Not long after the fire took place, conspiracy theorists voiced the opinion that ETA was the real culprit, but that its role was being silenced; other sources described the event as an intentional attack. The Terrorism Victims' Association (AVT), asked for official recognition of the fire as a terrorist attack.

The official version of events provided at the time by the Spanish government insisted that the fire had been started accidentally by an oil fire in the hotel café. The Spanish Council of State explicitly stated that they did not consider the fire to be an act of terrorism. However, some details of the fire investigation leaked to the press, disclosing that Napalm traces might have been found in the rubble. Moreover, some witnesses claimed to hear two explosions before the fire and a local newspaper (Heraldo de Aragón) received two phone calls claiming authorship in the name of ETA (m) and the FRAP. The claim attributed to FRAP was unlikely, for the group was practically inactive after some of its core members had been arrested in 1978.

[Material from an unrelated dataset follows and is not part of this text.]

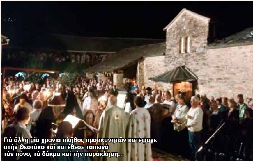
Γιά άλλη μία χρονιά πλήθος προσκυνητών κατέφυγε στην Θεοτόκο και κατέθεσε ταπεινά τον πόνο, τό δάκρυ και την παράκληση...

Όπως κάθε χρόνο, έτσι και φέτος, στην Ί. Μονή Μολυβδοσκεπάστου Κονίτσης εορτάστηκε λαμπρώς η Κοίμηση τής Θεοτόκου, αφού εκεί είναι θησαυρισμένη ή ιερά και θαυματουργή Εικόνα τής Θεομήτορος. Τήν παραμονή τελέσθηκε ιερά Αγρυπνία στον προαύλιο χώρο τής Μονής από τις 9μ.μ. έως τις 5.30 τα ξημερώματα, και τήν κυριώνυμη ημέρα πραγματοποιήθηκε νέα Θεία Λειτουργία στο «καθολικό» τής Μονής. Κατά τον πανηγυρικό Έσπερινό, που πλήθος κόσμου είχε κατακλύσει τόν αυλειό χώρο τής Ί. Μονής, ο Μητροπολίτης Δρυϊνουπόλεως, Πωγωνιανής και Κονίτσης κ.κ. Ανδρέας όμιλησε άρχικά για τό πρόσωπο τής Παναγίας μας, δίνοντας κάποιες δογματικές διευκρινήσεις, αντιδιαστέλλοντάς τες με τά πιστεύω άλλων χριστιανικών όμολογιών. Στη συνέχεια τόνισε τά ακόλουθα: ΜΟΝΗ ΜΟΛΥΒΔΟΣΚΕΠΑΣΤΟΥ ΚΑΙ ΜΗΤΡΟΠΟΛΙΤΗΣ ΣΕΒΑΣΤΙΑΝΟΣ

In 2000, relatives of those killed started to receive benefits as terrorism victims. According to El Mundo that was an implicit recognition of ETA authorship. The Civil Guard website listed a high rank retired Civil Guard member deceased in the fire as a victim of ETA, and stated that many injured died after the fire, but were not included in the official account of 80 dead.